The van’s leaving the city and following a road into the mountains. There’s very little around. Just shrubs and what might be farms. There are sturdy wood and sometimes metal fences and big creatures that reminds Josiah a lot of the things and a little of cows behind the fences, cropping the shrubs with their beaks.

* * *

It’s hard for Josiah to tell the passing of time from the windowless, mostly empty room the things gave him. It’s just an empty space with a light and a tap for water and two dials that let him fiddle with the light level and the temperature that one of the things showed him how to use before they locked him in. The ceiling’s low, but at least it’s high enough for him to stand up straight. Josiah thinks it may be a good thing, after all, that the things are so big. Otherwise, since they walk on all fours (sixes, really), they’d probably make their ceilings even lower, like the one in the van, and he probably wouldn’t have been able to stand up straight for weeks now. He hasn’t seen the sun since they first put him in this room. He had only a few seconds while they walked him from the van to the entrance of this place to get a sense of where he was. Some isolated place with nothing around but low scrub-covered mountains.

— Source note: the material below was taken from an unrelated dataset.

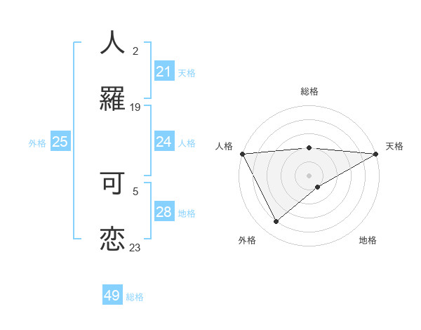 人羅 可恋さんの外格は25画の4点!

On the first day the things had given him what he thinks must have been a major medical exam. The examined him and stuck him in all sorts of machines and took samples from him. More examinations followed, and sometimes he thought they took pictures of him and filmed him. They left plates of syrup stuff in his room on them, and one of the things made a show of drinking some of it. He thought they were trying to see what he would eat. Some of the syrups were tolerable or even tasty, others bland or disgusting. He drank the tastier ones and from then on that was what he was given. The syrup the things feed him tastes like weak table syrup or some unappetizing cold fishy soup, but it’s better than nothing but water. More likely to keep him alive, anyway – he’s not sure whether it’s actually more enjoyable.

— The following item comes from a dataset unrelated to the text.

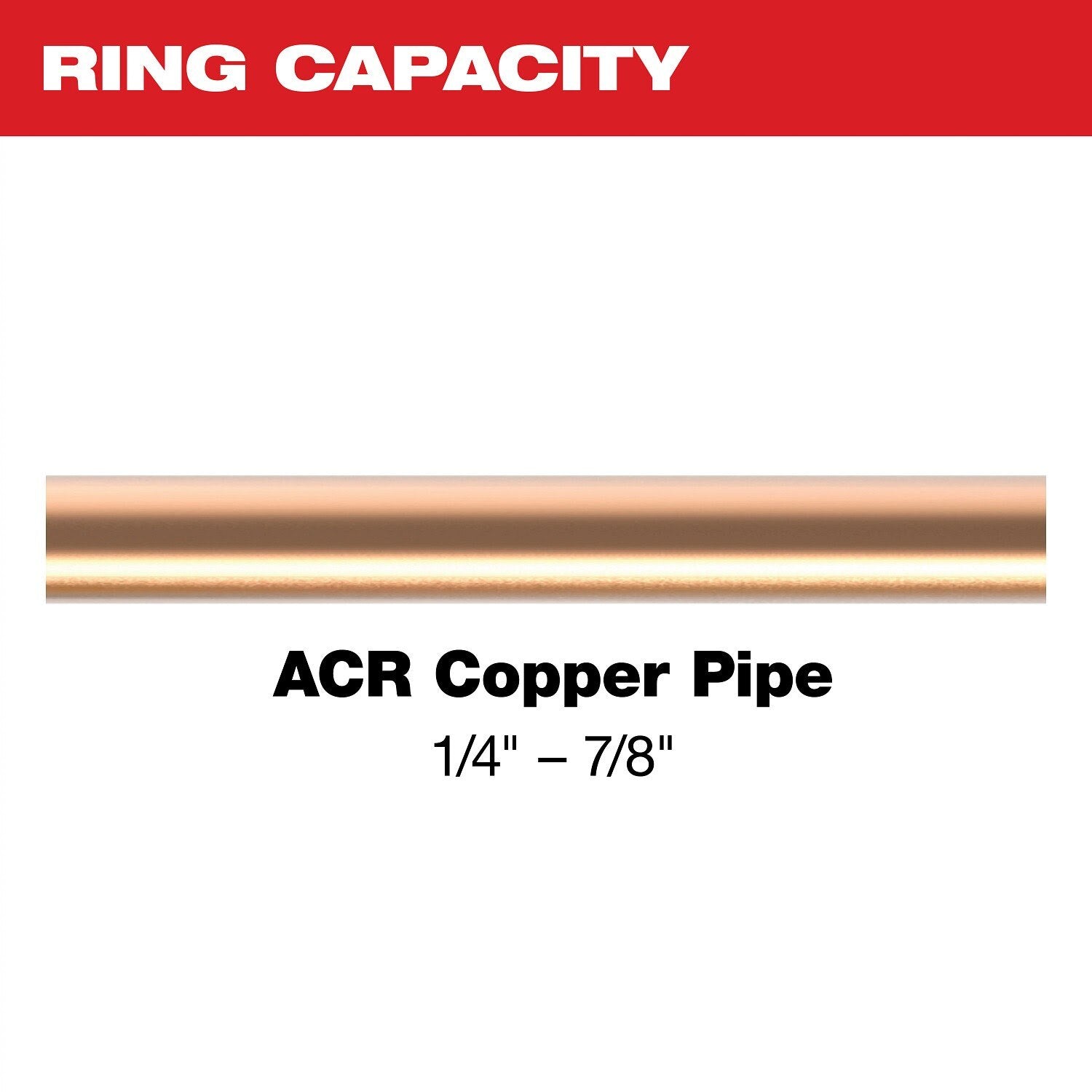 The MILWAUKEE ACR Pivoting Press Rings are designed for use with M18 & M12 FORCE LOGIC Press Tools. The ACR Pivoting Press Ring is a more efficient alternative to sweat and solder, enabling you to press connections on copper tubing. Pivoting functionality delivers greater access in tight spaces when paired with a compatible Milwaukee Ring Jaw and FORCE LOGIC Press Tool. Our press blocking system prevents improper ring and ring jaw mismatch, providing peace of mind in quality connections. The ACR Pivoting Press Rings, combined with a compatible Milwaukee Ring Jaw and in-line FORCE LOGIC Press Tool, deliver unrivaled access in tight spaces, providing controlled, flameless copper connections for unmatched productivity.

A few days after he arrived – or at least Josiah thinks it must have been a few days – he was brought into a room with a thing in it. The thing had a machine that might have been a camera and two other machines he didn’t recognize. The thing showed him rocks and sand and other objects, and each time it showed him and object it would push a button on one of its machines and it would give out sounds like the screeching sounds the things made but full of complex tones. The thing showed him different version of the same object and the device would play back the same sound each time the same kind of object was shown. Then the thing showed him a rock and didn’t play back the sound. Josiah thought he had an idea what was going on and repeated the sound the machine made each time the thing showed him a rock. The thing gave him something like a little shot glass full of the weak sweet syrup. Josiah pointed at the rock and said “rock” and that time the thing gave him two little cups of the syrup. That happened again for a couple of different objects, until Josiah was pretty this was, indeed, a language lesson. These lessons have come every day since, and he’s done his best to remember the sounds for lots of different things. He wonders why the sounds from the machine are more complex than the sounds he hears from the things. He thinks maybe most of the things’ language is beyond the range of human hearing.

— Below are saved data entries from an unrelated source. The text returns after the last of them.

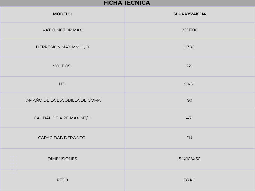 Las características del aspirador son 114 litros de capacidad. Vástago basculante. Ideal para recoger lodos de lijado. Robustez y durabilidad. Dos motores independientes. Cepillo de goma giratorio 360°. Escobilla de goma Palanca de elevación. Doble protección de seguridad para los motores.
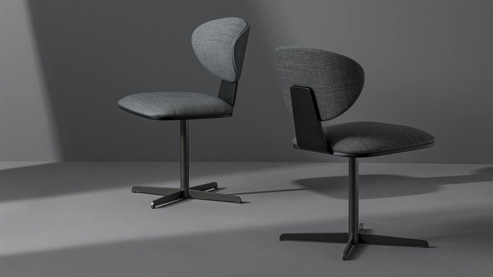 The Olos Office office chair, with a cross-shaped metal base and swivel seat, is characterized by its sinuous and essential design. The harmoniously curved laminated wood shell and ergonomically molded polyurethane seat combine comfort of form and balance of proportions. Inspired by Nordic design, Olos Office has a refined and versatile style, allowing it to be placed in home or office settings.
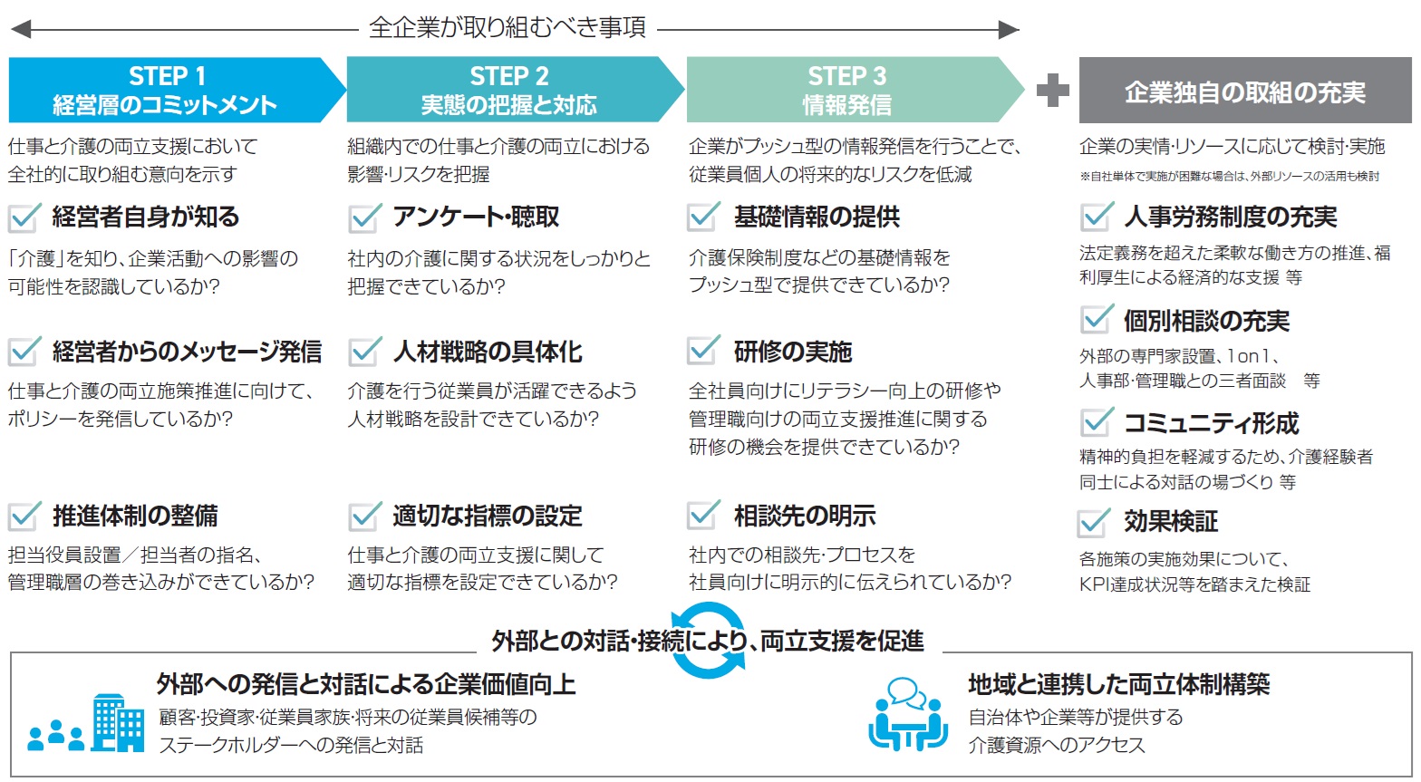 介護両立支援のアクションの詳細については、「仕事と介護の両立支援に関する経営者向けガイドライン」や厚生労働省の特設サイト「仕事と介護の両立~介護離職を防ぐために~」を参考にしてください。

The door opens and three of the things come in. Josiah thinks one of them’s the thing from the language lessons. It’s hard for him to tell the things apart, but he’s familiar enough with this one he thinks he can recognize it from its spots. The thing carries what he thinks might be its camera with it, and something it doesn’t recognize, and sets them down on the floor. The two other things stand by the door. The linguist thing opens something on the new machine – it looks like it might be a screen and keyboard – and pushes some buttons.

The machine speaks. Its voice is an eerily perfect copy of Josiah’s own. Of course, since they don’t really understand how human language works, they wouldn’t want any variable that might throw understanding, like a different tone. Still, it’s a little strange.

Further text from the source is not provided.